8/10
A Contrived Concept Makes Way for a Surprisingly Worthwhile, Emotionally Resonant Drama
4 July 2012
Warning: Spoilers
A studio picture with a premise this contrived shouldn't work, but this 2012 family drama works in ways that are quite unexpected and emotionally resonant because a palpable level of truthfulness emerges with the characters even as the plot teeters precariously on credibility issues. First-time filmmaker Alex Kurtzman, a go-to screenwriter of ϋber-action fare like "Star Trek" and "Mission: Impossible III", based his personal movie on events in his own life when he met his own half- sister for the first time as he turned thirty. The plot focuses on Sam, a slick, 31-year-old huckster of a salesman in the bartering business. Just as he gets snagged by a bad deal that costs him the huge bonus he just secured to pay off long-standing debts, Sam finds out his father, Jerry Harper, a legendary Laurel Canyon record producer, has died, which means he needs to come home to LA for the funeral against his will. Reuniting with his estranged mother Lillian becomes challenging enough, but Sam also discovers that his father left him $150,000 in his shaving kit.

The catch is that it comes with instructions to deliver the cash to an 11-year-old named Josh, who happens to be the son of Frankie, a half- sister he didn't know he had. Tempted to keep the cash himself, Sam finds Frankie and follows her to an AA meeting where she shares the sudden news of her father's death and the hurtful anger she feels for not being publicly acknowledged as his daughter. Her pain is what becomes the common bond that she and Sam share and the beginning of a web of lies he tells her in order to build upon his newly discovered family ties. It's this thread of deception that propels Kurtzman's storyline, and the moment you start to feel the movie get phony, he manages to get it back on track through the burgeoning relationship that forms between Sam, Frankie and Josh. Of course, the further Sam delays in telling the truth, the more catastrophic the results. Perceptive performances are critical in pulling off this kind of drama, and Kurtzman coaxes strong work from his cast.
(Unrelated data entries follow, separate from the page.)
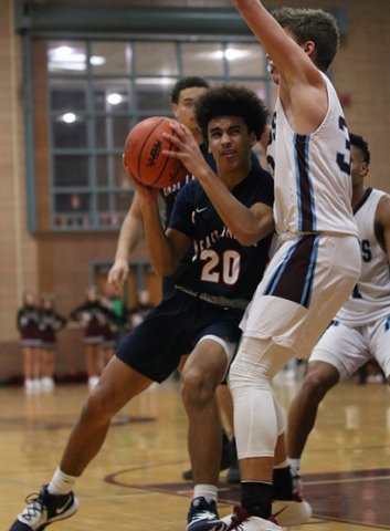 East Lansing sophomore guard Brevin Jackson (20) looks for a way around Okemos senior center Grant Holtzer during Tuesday night’s game. Holtzer made several key defensive plays for the Chiefs, who won 69-51. (Photos by Gary Caldwell)
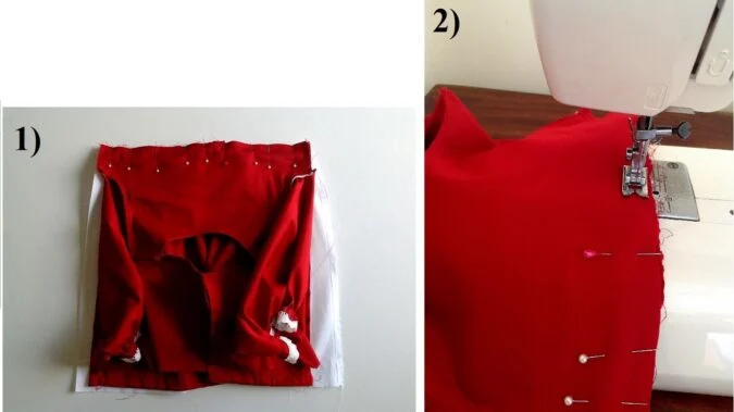 2)Pull the thread from the bobbin gently to gather it. Repeat the steps on the other sleeve to finish it in a similar manner.
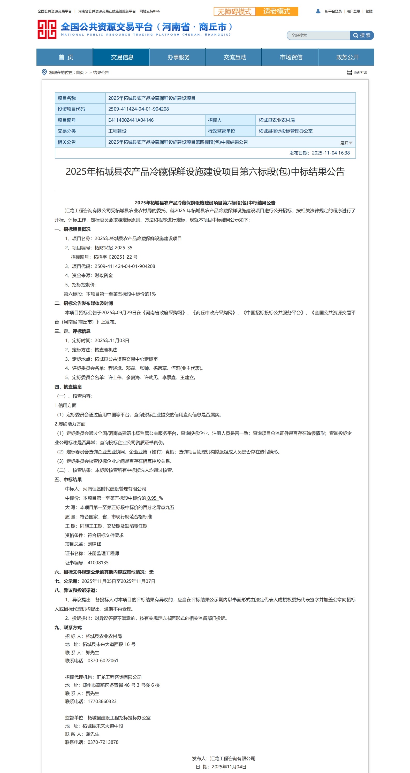 2025年柘城县农产品冷藏保鲜设施建设项目第六标段(包)-中标公告
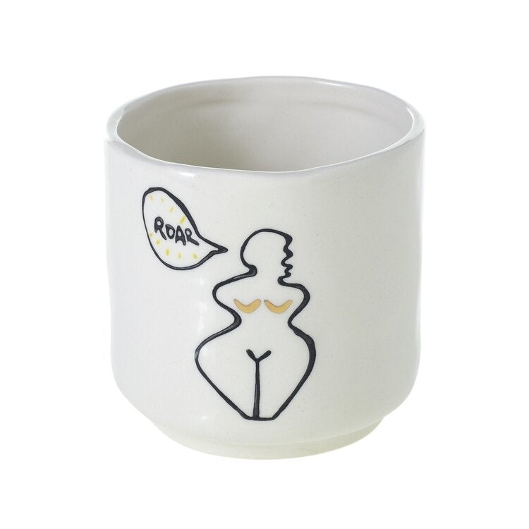 The clean white ceramic Hear Me Roar pot features a simple shape, an organic edge, and an exclusive decal design from artist Jessica Hiemstra.
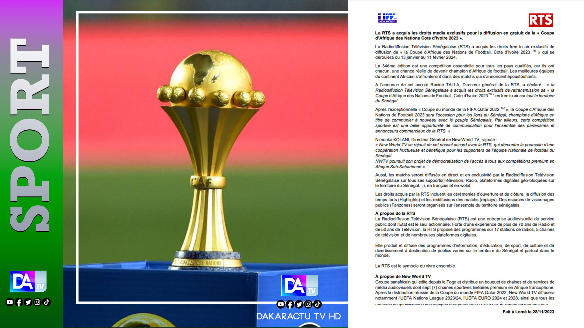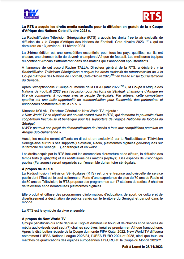 La Radiodiffusion Télévision Sénégalaise (RTS) a acquis les droits free to air exclusifs de diffusion de la Coupe d'Afrique des Nations de Football, Cote d'Ivoire 2023™ qui se déroulera du 13 janvier au 11 février 2024.
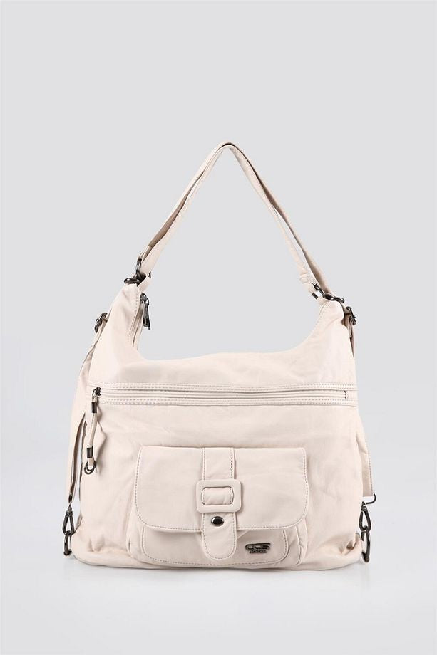 şıklığı ve pratikliği bir arada sunan kadın omuz ve sırt çantasıdır. Yüksek kaliteli yıkama deri malzemesiyle üretilmiş olan bu çanta, her iki kullanım şekliyle de rahatlık ve fonksiyonellik sağlar. Hem omuzda hem de sırt çantası olarak kullanılabilir, böylece tarzınıza ve ihtiyacınıza göre esneklik sunar.
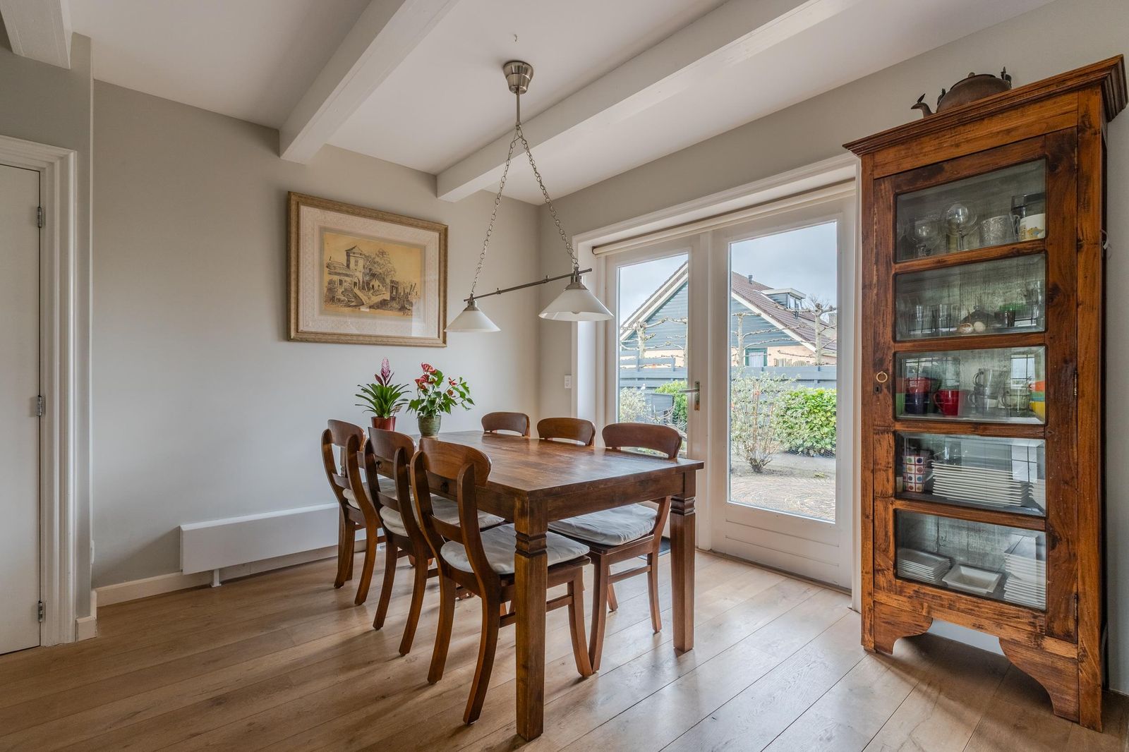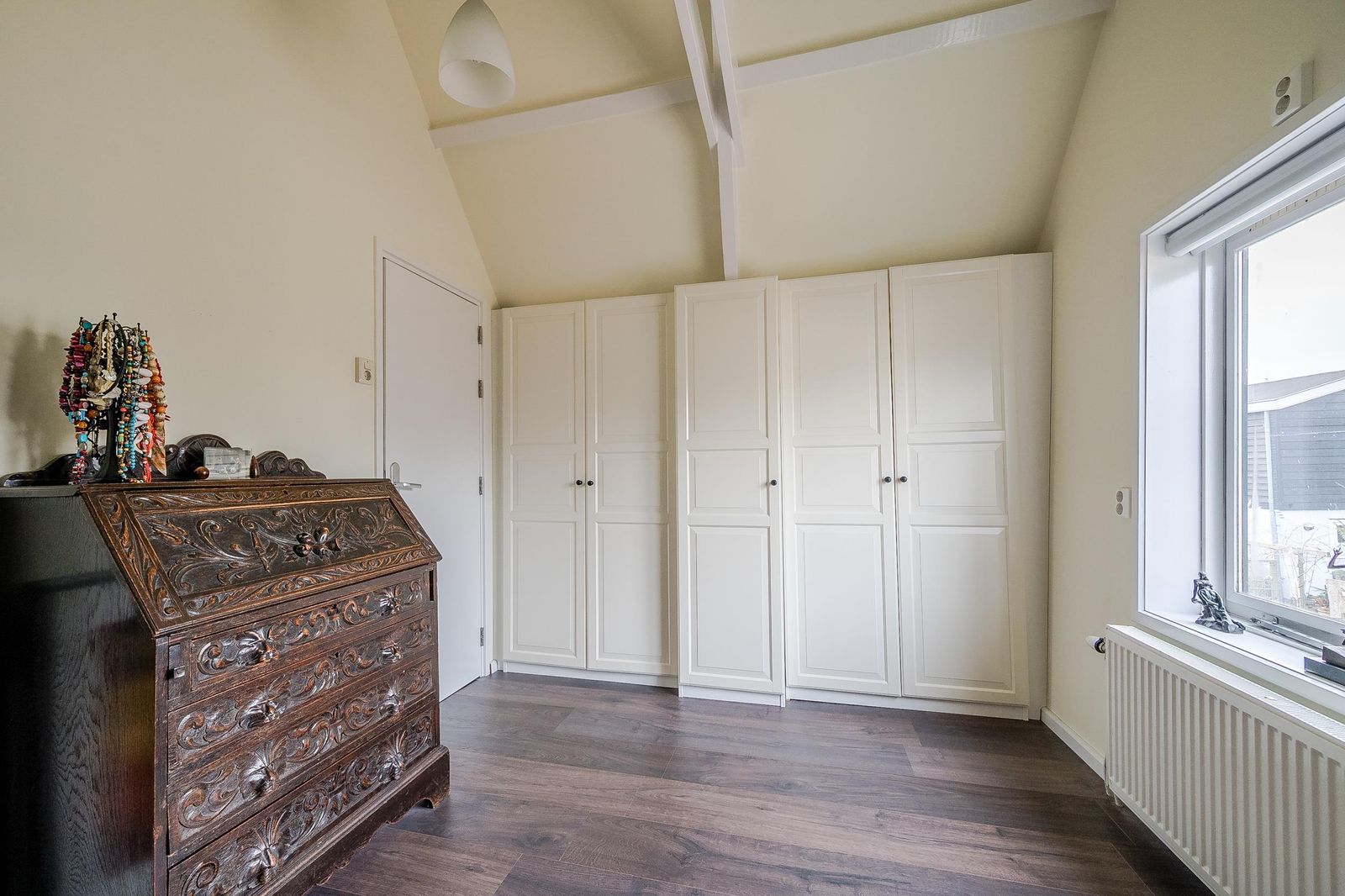 De eetkeuken biedt naast de aanrecht opstelling plaats voor een grote eettafel, een meterkast en dubbele openslaande deuren naar de achtertuin. Een grote inloopkast voorzien van praktische legplanken en een extra deur naar de achtertuin maken het geheel compleet.

Chris Pine captures Sam's manic energy and evasive nature to a T, and he manages to reveal the vulnerability underneath that shows he never quite gave up on his quest for his father's approval and love. Still etched in my memory as the hot-to-trot bookstore clerk in "The 40-Year-Old Virgin", Elizabeth Banks has matured as an actress and delivers a genuinely empathetic performance as Frankie, a single mother struggling with a hardscrabble life and a smart, troublemaking son. She and Pine manage a nice rapport that skirts the incest minefield that could have occurred in lesser hands. Too long off the screen and still looking like People Magazine's most beautiful woman, Michelle Pfeiffer makes her few scenes count as the newly widowed Lillian, who met Jerry back in the seventies when she was a former hatcheck girl at the Troubadour and dreamed of becoming the next Joni Mitchell. She succinctly shares her anger toward Sam for his indifference toward Jerry while slowly revealing her own secrets and fears. As the precocious Josh, Michael Hall D'Addario is given lines only an 11-year-old in a mainstream movie would speak, but he is such a likable young actor that he manages to come across as authentic.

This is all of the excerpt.